Por otra parte: padecemos las consecuencias de una política de la negatividad. Estamos creyendo y basando nuestros proyectos políticos en lo que no hay que hacer. Nos obsesionamos con diferenciarnos, con destruir y con cerrar caminos en vez de proponer nuevos y definir lo que sí queremos lograr. Porque, al fin y al cabo, creemos que la política es el funcionario de turno o la decisión que tomó el gobierno hoy. A mí me gusta pensar a la política como una fuerza positiva de “hacer algo”, para construir, para transformar nuestras condiciones de vida en unas más dignas, más compatibles con lo humano. Si partimos de ese principio, la visión se reacomoda y dejamos de intentar destruirnos entre rojos y azules y empezamos a darnos cuenta que lo realmente importante es encontrar las formas de alcanzar esos objetivos fundamentales, esas bases. La fórmula perfecta no existe, ahí es cuando comienzan las diferencias y las infinitas opciones de caminos a seguir. Pero ese camino no puede desvirtuarse en algo que olvide el rector de toda acción política: la vida y el bienestar de todas las personas. A la política se la combate con más y mejor política.
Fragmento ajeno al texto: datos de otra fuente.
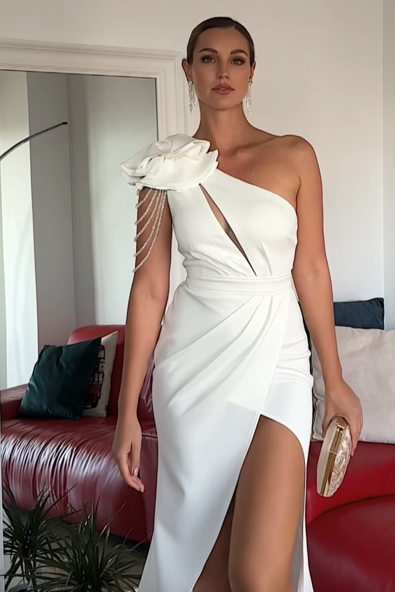 Locia One Shoulder Flower Cut Out Slit Maxi Dress

De nuevo, hay que volver –en el buen sentido, en el filosófico, no en el nostálgico chicato–: ¿Qué es lo que realmente queremos? ¿Qué es lo que esperamos de la política? Tal vez, hacernos estas preguntas nos ayude a limpiar un poco la cabeza, reordenarla y dejar de pensar que la política la hacen quienes que andan entre edificios imponentes de oficinas lujosas y empezaremos a entenderla más cercana a nosotros mismos. Entenderemos que, a veces, no hace falta tener la potestad de cambiar la realidad compleja de un país, sino que desde donde estamos –el trabajo, la facultad, la escuela, el barrio– podemos pensar en cómo hacer un poco más ameno nuestro tránsito y el de quienes nos rodean.
Lamento para quien le siga pesando la palabra o la siga sintiendo sucia, pero creo que el llamado a frenar, para pensar y cuestionarse, es tal vez el primer acto político.